Bayern - Markus Söder als Ministerpräsident vereidigt Mit 110 von 202 Stimmen hat der bayerische Landtag Markus Söder zum Ministerpräsidenten gewählt. Dieser lobte die Koalitionsverhandlungen mit den Freien Wählern. © Foto: Sven Hoppe/dpa

Der bayerische Landtag hat Markus Söder wie erwartet zum Ministerpräsidenten gewählt. Der CSU-Politiker erhielt in der geheimen Abstimmung im Landtag die notwendige einfache Mehrheit der Stimmen. Wie Landtagspräsidentin Ilse Aigner (CSU) bekannt gab, erhielt Söder 110 von 202 abgegebenen Stimmen.

Bei der Landtagswahl am 14. Oktober hatte die CSU zwar ihre absolute Mehrheit verloren, war aber dennoch stärkste Kraft im Landtag geworden. Mit den Freien Wählern bildete sie daraufhin die erste schwarz-orange Koalition. Insgesamt verfügt die neue bayerische Landesregierung über 112 Stimmen. Im Parlament in München sind sechs Fraktionen mit 205 Abgeordneten vertreten.

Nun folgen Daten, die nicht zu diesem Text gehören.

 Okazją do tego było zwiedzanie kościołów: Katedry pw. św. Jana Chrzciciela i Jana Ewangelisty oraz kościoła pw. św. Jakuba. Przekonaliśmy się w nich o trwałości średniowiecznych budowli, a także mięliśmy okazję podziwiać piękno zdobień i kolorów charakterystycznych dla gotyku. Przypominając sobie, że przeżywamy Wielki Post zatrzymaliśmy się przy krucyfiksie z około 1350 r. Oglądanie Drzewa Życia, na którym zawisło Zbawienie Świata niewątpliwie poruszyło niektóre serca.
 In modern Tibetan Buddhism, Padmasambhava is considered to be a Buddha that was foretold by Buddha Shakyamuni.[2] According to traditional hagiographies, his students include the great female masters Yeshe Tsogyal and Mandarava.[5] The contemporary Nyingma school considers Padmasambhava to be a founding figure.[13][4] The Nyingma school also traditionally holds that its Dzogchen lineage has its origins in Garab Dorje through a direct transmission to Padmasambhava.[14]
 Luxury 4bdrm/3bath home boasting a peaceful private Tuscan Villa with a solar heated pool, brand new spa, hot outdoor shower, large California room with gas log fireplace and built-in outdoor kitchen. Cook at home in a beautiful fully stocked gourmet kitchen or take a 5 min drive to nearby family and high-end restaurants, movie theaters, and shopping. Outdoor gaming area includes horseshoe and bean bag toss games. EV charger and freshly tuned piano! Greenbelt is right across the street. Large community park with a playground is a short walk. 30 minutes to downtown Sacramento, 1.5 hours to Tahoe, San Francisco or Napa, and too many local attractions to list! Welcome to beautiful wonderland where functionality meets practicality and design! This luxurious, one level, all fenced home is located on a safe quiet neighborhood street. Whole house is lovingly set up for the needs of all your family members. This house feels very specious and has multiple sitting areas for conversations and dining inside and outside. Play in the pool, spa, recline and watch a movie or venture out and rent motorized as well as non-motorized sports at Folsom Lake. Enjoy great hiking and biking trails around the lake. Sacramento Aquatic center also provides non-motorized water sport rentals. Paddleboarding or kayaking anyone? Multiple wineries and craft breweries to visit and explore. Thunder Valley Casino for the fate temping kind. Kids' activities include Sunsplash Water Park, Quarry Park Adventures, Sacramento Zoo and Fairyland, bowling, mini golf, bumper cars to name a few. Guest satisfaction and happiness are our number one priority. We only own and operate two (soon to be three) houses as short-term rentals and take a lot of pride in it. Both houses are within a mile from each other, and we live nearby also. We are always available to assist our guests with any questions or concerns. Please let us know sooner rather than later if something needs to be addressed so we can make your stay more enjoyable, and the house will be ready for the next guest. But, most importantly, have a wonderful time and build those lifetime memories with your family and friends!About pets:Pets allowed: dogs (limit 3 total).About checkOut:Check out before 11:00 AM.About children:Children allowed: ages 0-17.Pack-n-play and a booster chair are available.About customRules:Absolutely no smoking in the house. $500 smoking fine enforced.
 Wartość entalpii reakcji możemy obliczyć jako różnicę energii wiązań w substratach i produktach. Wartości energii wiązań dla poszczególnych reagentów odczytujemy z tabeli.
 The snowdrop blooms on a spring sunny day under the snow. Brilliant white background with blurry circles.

Söder hielt im Anschluss seiner Wahl eine kurze Rede, die explizit nicht als Regierungserklärung verstanden werden sollte. Darin sagte er: "Ich werde das Beste geben, was ich zu geben habe." Der Wahlkampf, der hinter ihm und seiner CSU liege, sei hart gewesen. Er warb dafür, in den kommenden Jahren in Bayern einen "gemeinsamen Stil" zu entwickeln, der hart in der Sache bleibe, aber auch Respekt für den anderen zeige.

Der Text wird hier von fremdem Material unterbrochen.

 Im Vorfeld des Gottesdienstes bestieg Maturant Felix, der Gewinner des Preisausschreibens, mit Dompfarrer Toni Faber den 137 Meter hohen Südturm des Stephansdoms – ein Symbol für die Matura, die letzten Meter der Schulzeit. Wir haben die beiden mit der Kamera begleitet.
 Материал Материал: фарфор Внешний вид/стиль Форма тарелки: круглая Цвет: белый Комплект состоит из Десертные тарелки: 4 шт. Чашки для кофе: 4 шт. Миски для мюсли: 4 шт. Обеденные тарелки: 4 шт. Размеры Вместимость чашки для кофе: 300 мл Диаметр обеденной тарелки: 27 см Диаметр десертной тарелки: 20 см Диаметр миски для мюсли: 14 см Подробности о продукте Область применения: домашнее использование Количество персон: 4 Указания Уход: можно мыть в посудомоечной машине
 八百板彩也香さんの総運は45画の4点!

Söder wirbt für Optimismus

Jeder Landtagsabgeordnete versuche, das Beste zu geben. "Stil und Anstand sind wichtig", daher solle jeder sich bemühen, die Argumente des anderen verstehen zu wollen. "Das Ringen um das Beste macht den Parlamentarismus stark, nicht das Verächtlichmachen des anderen", sagte Söder. Die Abgeordneten sollten nicht nur das Negative herauskehren, sondern "ein bisschen optimistischer" an alle Themen herangehen. Fernab aller Parteiprogramme gehe es darum, den Wohlstand Bayerns zu vermehren und Schaden abzuwenden, so Söder.

Noch vor der Wahl des Ministerpräsidenten war es zu einem ersten Rededuell der neuen Fraktionen gekommen. Während CSU und Freie Wähler ihre neue Koalition als Garanten für Stabilität und nachhaltige Entwicklung in Bayern verteidigten, ging die Opposition hart mit Schwarz-Orange ins Gericht.

Im März dieses Jahres war Söder erstmals zum Ministerpräsidenten gewählt worden. Der 51-Jährige folgte auf CSU-Chef Horst Seehofer, der als Bundesinnenminister nach Berlin gewechselt war.

CSU und Freie Wähler hatten am Sonntag dem Koalitionsvertrag zugestimmt, die Vereidigung der Minister und Staatssekretäre ist für den 12. November vorgesehen. Die Freien Wähler werden künftig drei Ministerien führen, ihr Chef Hubert Aiwanger wird Chef des Wirtschaftsressorts.